In a mediator’s opening statement to clients, often the subject of “ground rules” comes up – parameters for behavior befitting a participant to mediation.   And often it takes the form of negative instruction – “we will refrain from name-calling or blaming” … “please don’t interrupt, you will get your turn to speak”.  I never took to the concept very well, of instructing adults on what not to do.  Some mediators ask their clients if they have any ground rules of their own, a good thing, if it weren’t for those 2 words.

Escher Transformation off the page
I do not lay ‘ground rules’. 
First, I prefer to speak to the highest parts of ourselves.  And, as I am of the philosophy that as we engage in mediation, we are promoting, sharing and hopefully modeling resourceful behaviour, I prefer to respectfully share best practices rather than ground rules … practices that bring out the best in us as speakers, listeners and problem-solvers.   Clients get these in advance, and we review them when we first meet, in case they need clarification.

So here are Spectra’s 10 Best Practices for Participants in a Mediation:

1         This is a learning conversation.  And a working conversation.  Please come to the table with open ears and a good dose of curiosity and resolve to solve problems together.  Listen as if you are hearing something for the first time and learning something new, even if you think you’ve heard it before.

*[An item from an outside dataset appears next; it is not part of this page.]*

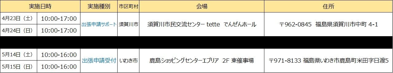 ※開催場所の調整状況や新型コロナウィルスの感染状況等により、「出張申請受付」及び「出張申請サポート」の開催を中止・延期、または実施内容が変更となる可能性がございます。

2         Practice deep listening.  Concentrate on what’s being said, and not what you are itching to say.  If you wish to insert a thought, signal.  If there is no opening given by the speaker right then, jot down keywords on paper and direct your thoughts fully back to them.

3         Reflect back for understanding.  Each person has come here to be heard and understood.  Reflecting back what someone has said for clarity and understanding ensures that this happens. Sometimes the Mediator will do this.  Sometimes you will be asked to.  The ability to do this depends on #2, deep listening.

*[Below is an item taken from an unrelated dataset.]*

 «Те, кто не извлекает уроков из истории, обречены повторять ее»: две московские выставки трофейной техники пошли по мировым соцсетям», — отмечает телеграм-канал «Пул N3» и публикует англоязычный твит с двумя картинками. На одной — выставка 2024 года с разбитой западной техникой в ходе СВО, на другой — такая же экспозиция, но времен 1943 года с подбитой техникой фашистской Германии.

4         Be resourceful and creative.  We are here to solve shared problems.  Brainstorm fearlessly.   Commitment to solutions comes later.

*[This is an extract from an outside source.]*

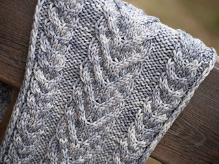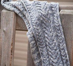 Cables! This is a warm squishy scarf with enough length to wrap around you a couple of times. There are two different cable patterns on a background of reverse stockinette.

5         Suspend judgment.  In order to feel free to be resourceful and creative, we leave judgment to a later stage.  Nothing’s final till it’s final, so think in or out of the box while you can.

6         Silence is OK – when speaking or listening.  Not all gaps have to be filled.  It’s sometimes in the spaces that key discoveries are made.  Respect them, and use them liberally.

7         Emotions are OK, so long as you own them.  Express your disappointment, hopes, even anger… in a way that will be heard.  We’ll discover what it all means together.

8         Speak with passion and purpose, but know that your statements are not truth – they are your truth, and that will be respected.  Make observations.  Say how something made you feel or how it appeared to you.

9         Ask great questions.  They’re even better than statements.  We’ll discover some together.

10     Say one good thing about the other party at some time in the mediation.  Express appreciation for good listening, honesty, effort, understanding, courage, or something they have done well.  It will open doors like nothing else.

With best practices, I believe we are teaching resourceful behavior and not cementing or censuring bad.  We are evolving communication and moving ourselves forward.  We are future-focused and not dwelling on habit or blame.  With best practices, we are setting a new bar and building a new toolkit of skills and awareness.

Through best practices – we get to best solutions.